Подполковник Кондаков, обирая скорлупу с вареного яйца, поинтересовался:
– Что-то ты бледный сегодня, Семёныч. Опять нездоровится?
Вполне возможно, что участие его было абсолютно искренним, но вот только слова звучали как-то фальшиво. Долгие годы службы в следственных органах различных ведомств не могли не наложить на Кондакова свой неизгладимый отпечаток, и сейчас, на закате жизни, все внешние проявления его чувств выглядели по меньшей мере лукавым притворством – и гнев, и радость, и сочувствие. Купиться на эти иезуитские штучки мог разве что неопытный баклан вроде нового Федора Раскольникова.
– Все нормально, – сдержанно ответил Донцов. – Мутит с утра немного. Скоро пройдёт.
– Конечно, откуда ему, здоровью, при такой погоде взяться, – ради поддержания разговора Кондаков мог для вида согласиться с любой точкой зрения, пусть даже и совершенно неприемлемой. – Вчера метель мела, а сегодня дождь хлещет. У самого суставы ноют.
Каждый рабочий день он начинал с трапезы – стелил на письменный стол вчерашнюю газету (чаще всего крайне радикального толка), раскладывал на ней нехитрую пролетарскую снедь, кипятил в жестяной кружке чай, а потом долго и вдумчиво работал челюстями, внимательно просматривая обращённую вверх сторону газетного листа. Причина, мешавшая ему как всякому нормальному человеку завтракать дома, оставалась загадкой – то ли сразу после сна аппетит отсутствовал, то ли со стороны домочадцев существовала угроза отравления.

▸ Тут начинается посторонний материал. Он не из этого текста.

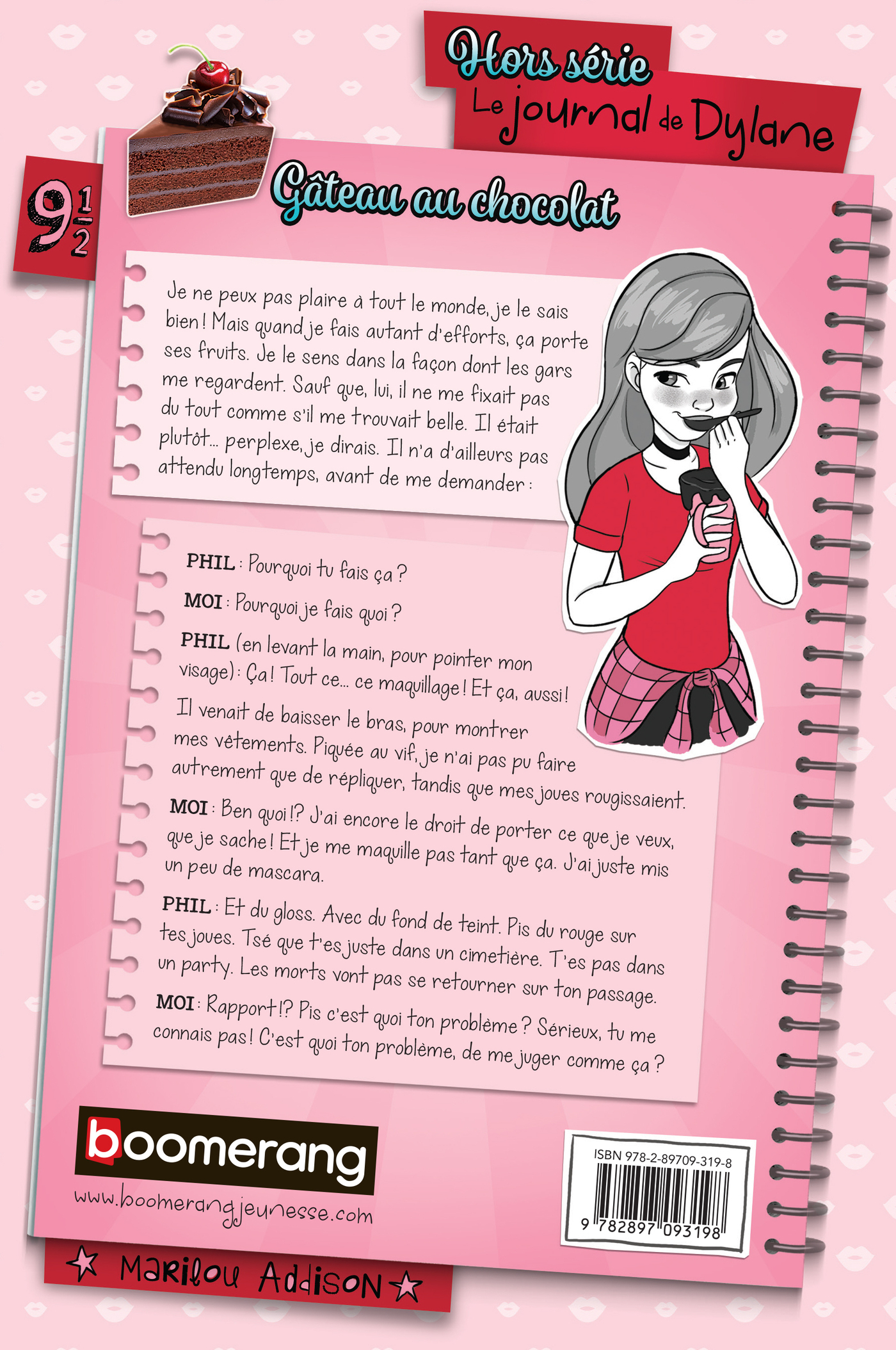 Hors série le Journal de DylaneJe ne peux pas plaire à tout le monde, je le sais bien ! Mais quand je fais autant d'efforts, ça porte ses fruits. Je le sens dans la façon dont les gars me regardent. Sauf que, lui, il ne me fixait pas du tout comme s'il me trouvait belle. Il était plutôt... perplexe, je dirais. Il n'a d'ailleurs pas attendu longtemps, avant de ne demander:PHIL: Pourquoi tu fais ça?MOI: Pourquoi je fais quoi?PHIL: (en levant la main, pour pointer mon visage): Ça! Tout ce... ce maquillage! Et ça, aussi!Il venait de baisser les bras, pour montrer mes vêtements. Piquée au vif, je n'ai pas pu faire autrement que de répliquer, tandis que mes joues rougissaient.MOI: Ben quoi!? J'ai encore le droit de porter ce que je veux, que je sache! Et je ne me maquille pas tant que ça. J'ai juste mis un peu de mascara.PHIL: Et du gloss. Avec du fond de teint. Pis du rouge sur tes joues. Tsé que t'es juste dans un cimetière. T'es pas dans un party. Les morts vont pas se retourner sur ton passage.MOI: Rapport!? Pis c'est quoi ton problème? Sérieux, tu me connais pas! C'est quoi ton problème, de me juger comme ça?
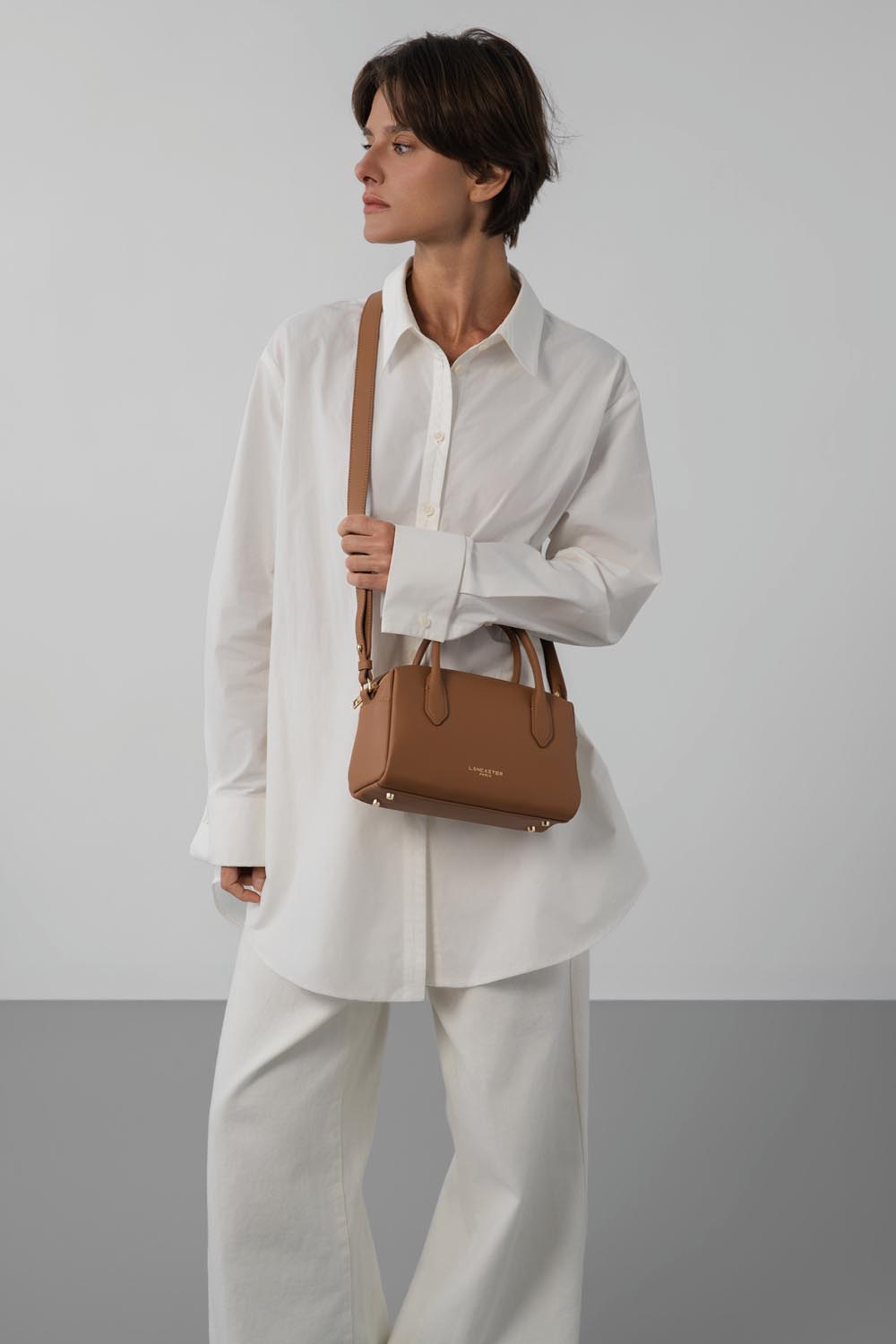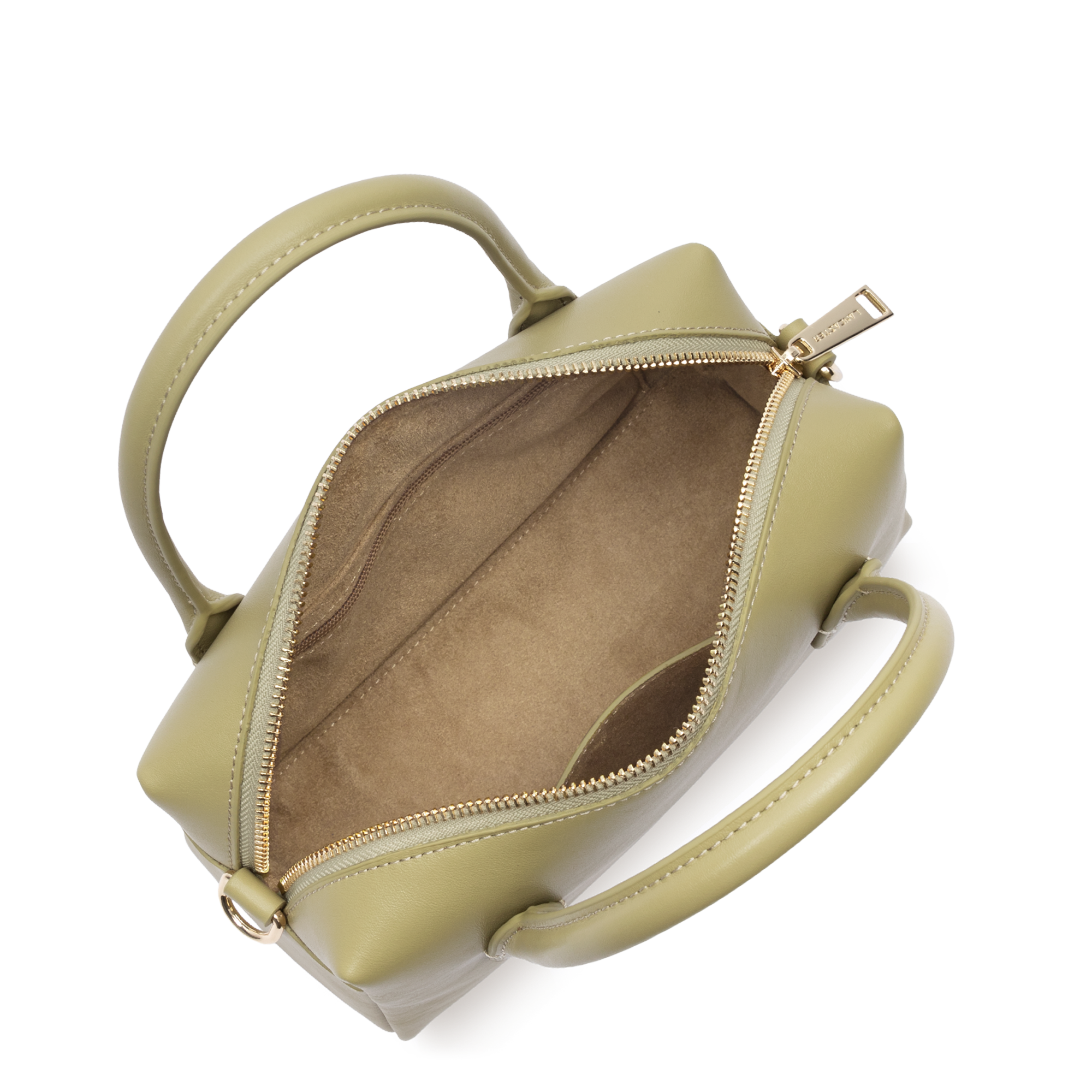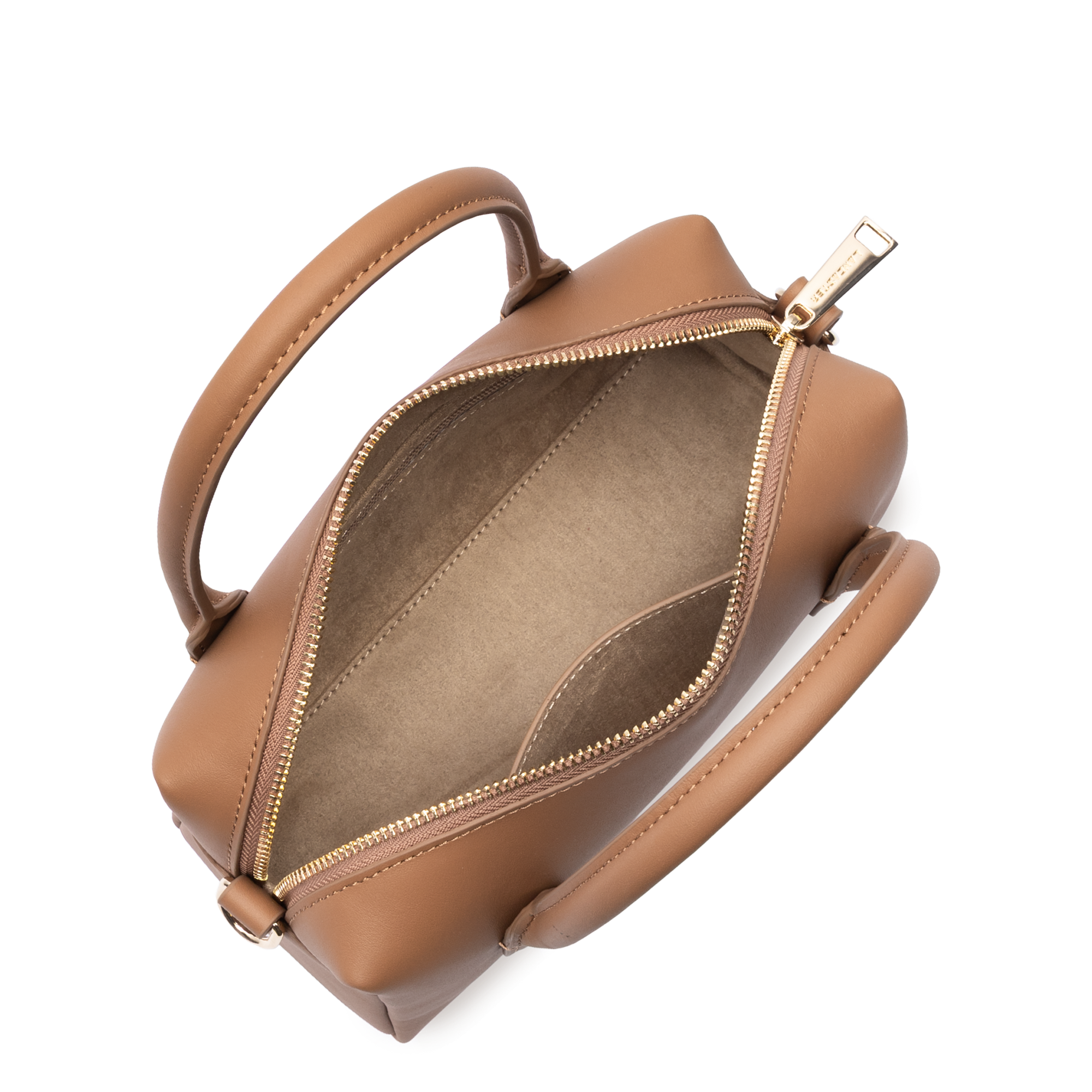 This handbag is crafted from smooth cowhide leather. It features a zipped inner pocket and a plain inner pocket. It closes with a zip fastening. It can be worn crossbody, on the shoulder, or carried by hand

Донцову, у которого с некоторых пор вид почти любой пищи вызывал отвращение, такое поведение коллеги понравиться, конечно же, не могло, но он свои чувства старался не выказывать. Во-первых, не хотел прослыть занудой, а во-вторых, соблюдал некую субординацию. Хотя они с Кондаковым и состояли сейчас в одинаковых должностях, но звания, а тем более выслугу лет имели разные.
– Мой дед в такую погоду всегда на науку грешил, – продолжал Кондаков. – Дескать, опять учёные дырку в небе провертели. И вообще, взгляды имел самые консервативные. Последним изобретением человеческой мысли, которое он одобрял, были галоши.
– Перестройку, надо полагать, ваш дед не принял? – вяло осведомился Донцов (надо ведь было о чём-то говорить).
– Он до перестройки просто не дожил. Скончался в эпоху волюнтаризма, – охотно сообщил Кондаков. – Впрочем, дед и Октябрьскую революцию не принял. Говорил, что как раз после неё всё и пошло наперекосяк. Взбунтовалась природа. То ли в пику российскому народу, то ли по его примеру. Летом засуха, зимой оттепель, весной бури, осенью градобитие. Бардак, одним словом.
– Глобальное потепление климата, ничего не поделаешь, – веско произнёс капитан Цимбаларь. Вообще-то он имел свой собственный кабинет, но сегодня забыл от него ключи и вынужден был дожидаться напарника, который как назло где-то задерживался. – Вечная мерзлота отступает на север со скоростью сто метров в год. Скоро все города, построенные за Полярным кругом, провалятся в тартарары, грязь затопит шахты и нефтепромыслы, могилы разверзнутся, гнус расплодится в неимоверных количествах, а чукчи вместе с оленями эмигрируют в Гренландию.
– Прямо апокалипсис какой-то. – Кондаков одним глазом подмигнул Донцову. – Ты уж нас, Сашенька, зря не стращай.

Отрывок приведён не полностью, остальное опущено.